Prompt:
Scan the records below, and wherever a line has the word "formula", pull it out.

Records for this exercise:
○ ○ ○ ○ ○ ○ ○
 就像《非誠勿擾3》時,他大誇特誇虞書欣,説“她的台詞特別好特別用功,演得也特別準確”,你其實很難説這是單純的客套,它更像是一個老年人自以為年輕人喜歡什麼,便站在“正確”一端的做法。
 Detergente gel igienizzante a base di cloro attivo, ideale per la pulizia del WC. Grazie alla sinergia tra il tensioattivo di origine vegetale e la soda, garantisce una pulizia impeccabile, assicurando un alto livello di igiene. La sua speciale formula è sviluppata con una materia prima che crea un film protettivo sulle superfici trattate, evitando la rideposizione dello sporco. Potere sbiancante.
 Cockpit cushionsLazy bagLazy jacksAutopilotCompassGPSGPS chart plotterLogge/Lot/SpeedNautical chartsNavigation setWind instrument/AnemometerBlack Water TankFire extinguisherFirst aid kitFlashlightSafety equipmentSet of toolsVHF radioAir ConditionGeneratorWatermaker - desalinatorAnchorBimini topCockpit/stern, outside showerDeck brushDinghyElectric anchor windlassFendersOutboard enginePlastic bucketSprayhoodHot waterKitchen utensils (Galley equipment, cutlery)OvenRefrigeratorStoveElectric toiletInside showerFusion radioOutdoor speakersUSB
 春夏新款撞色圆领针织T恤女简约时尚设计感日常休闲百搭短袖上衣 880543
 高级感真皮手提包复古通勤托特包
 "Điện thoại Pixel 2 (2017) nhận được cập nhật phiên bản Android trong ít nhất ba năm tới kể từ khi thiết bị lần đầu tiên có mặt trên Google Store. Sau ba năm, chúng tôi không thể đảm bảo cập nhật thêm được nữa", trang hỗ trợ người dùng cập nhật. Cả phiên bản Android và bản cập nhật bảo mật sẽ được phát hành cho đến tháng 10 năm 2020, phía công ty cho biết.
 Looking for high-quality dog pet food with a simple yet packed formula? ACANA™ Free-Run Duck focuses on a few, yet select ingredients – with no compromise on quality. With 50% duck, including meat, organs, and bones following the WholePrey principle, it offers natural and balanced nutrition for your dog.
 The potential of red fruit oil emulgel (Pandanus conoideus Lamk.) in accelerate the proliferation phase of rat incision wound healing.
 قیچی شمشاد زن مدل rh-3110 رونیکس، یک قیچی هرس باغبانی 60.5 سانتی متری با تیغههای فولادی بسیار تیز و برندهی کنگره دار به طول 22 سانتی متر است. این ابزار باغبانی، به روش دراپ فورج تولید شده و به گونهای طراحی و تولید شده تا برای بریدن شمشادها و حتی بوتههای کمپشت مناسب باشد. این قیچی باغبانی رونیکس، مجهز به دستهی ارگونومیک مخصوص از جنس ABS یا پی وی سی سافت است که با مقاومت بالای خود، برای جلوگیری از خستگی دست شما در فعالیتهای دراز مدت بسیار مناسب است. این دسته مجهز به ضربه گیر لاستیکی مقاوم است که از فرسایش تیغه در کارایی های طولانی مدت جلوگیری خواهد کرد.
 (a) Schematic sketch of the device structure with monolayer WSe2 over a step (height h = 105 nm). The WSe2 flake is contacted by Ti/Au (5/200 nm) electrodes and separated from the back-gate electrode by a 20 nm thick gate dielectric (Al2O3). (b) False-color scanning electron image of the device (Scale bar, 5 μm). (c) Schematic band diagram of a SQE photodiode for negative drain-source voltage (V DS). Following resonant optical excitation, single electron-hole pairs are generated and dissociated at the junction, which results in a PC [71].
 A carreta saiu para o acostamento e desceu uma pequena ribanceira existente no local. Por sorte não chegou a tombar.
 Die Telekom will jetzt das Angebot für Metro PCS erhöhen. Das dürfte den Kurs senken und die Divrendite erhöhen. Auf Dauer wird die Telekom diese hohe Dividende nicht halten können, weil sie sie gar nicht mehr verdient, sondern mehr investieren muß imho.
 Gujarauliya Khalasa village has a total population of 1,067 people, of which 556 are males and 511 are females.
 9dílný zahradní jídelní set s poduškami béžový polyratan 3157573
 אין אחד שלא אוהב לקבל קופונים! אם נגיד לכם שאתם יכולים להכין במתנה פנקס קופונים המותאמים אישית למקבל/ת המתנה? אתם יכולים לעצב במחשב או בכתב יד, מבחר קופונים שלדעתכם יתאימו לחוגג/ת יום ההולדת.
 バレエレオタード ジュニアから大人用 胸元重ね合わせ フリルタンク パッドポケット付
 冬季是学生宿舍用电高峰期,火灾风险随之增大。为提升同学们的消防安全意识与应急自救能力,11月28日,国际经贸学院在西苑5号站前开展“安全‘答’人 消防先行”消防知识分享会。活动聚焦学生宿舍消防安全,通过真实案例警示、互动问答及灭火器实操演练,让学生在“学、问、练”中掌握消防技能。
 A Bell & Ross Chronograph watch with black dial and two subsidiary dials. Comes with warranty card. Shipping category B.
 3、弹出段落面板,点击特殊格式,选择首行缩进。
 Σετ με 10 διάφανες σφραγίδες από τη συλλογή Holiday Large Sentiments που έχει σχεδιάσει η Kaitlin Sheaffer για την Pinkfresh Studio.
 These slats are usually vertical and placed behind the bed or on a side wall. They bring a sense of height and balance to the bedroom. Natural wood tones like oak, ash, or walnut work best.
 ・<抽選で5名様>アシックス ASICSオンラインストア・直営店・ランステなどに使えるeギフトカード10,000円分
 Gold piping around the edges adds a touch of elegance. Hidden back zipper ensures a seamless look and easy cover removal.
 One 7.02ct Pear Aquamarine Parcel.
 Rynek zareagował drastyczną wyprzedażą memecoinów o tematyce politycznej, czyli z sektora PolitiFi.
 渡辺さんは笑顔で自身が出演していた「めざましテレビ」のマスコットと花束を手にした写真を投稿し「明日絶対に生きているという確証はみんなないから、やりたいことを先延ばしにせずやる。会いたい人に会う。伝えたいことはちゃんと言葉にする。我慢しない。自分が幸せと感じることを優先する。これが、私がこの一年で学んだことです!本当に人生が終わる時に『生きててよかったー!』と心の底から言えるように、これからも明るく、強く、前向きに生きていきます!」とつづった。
○ ○ ○ ○ ○ ○ ○
Solved problem:
 Detergente gel igienizzante a base di cloro attivo, ideale per la pulizia del WC. Grazie alla sinergia tra il tensioattivo di origine vegetale e la soda, garantisce una pulizia impeccabile, assicurando un alto livello di igiene. La sua speciale formula è sviluppata con una materia prima che crea un film protettivo sulle superfici trattate, evitando la rideposizione dello sporco. Potere sbiancante.
 Looking for high-quality dog pet food with a simple yet packed formula? ACANA™ Free-Run Duck focuses on a few, yet select ingredients – with no compromise on quality. With 50% duck, including meat, organs, and bones following the WholePrey principle, it offers natural and balanced nutrition for your dog.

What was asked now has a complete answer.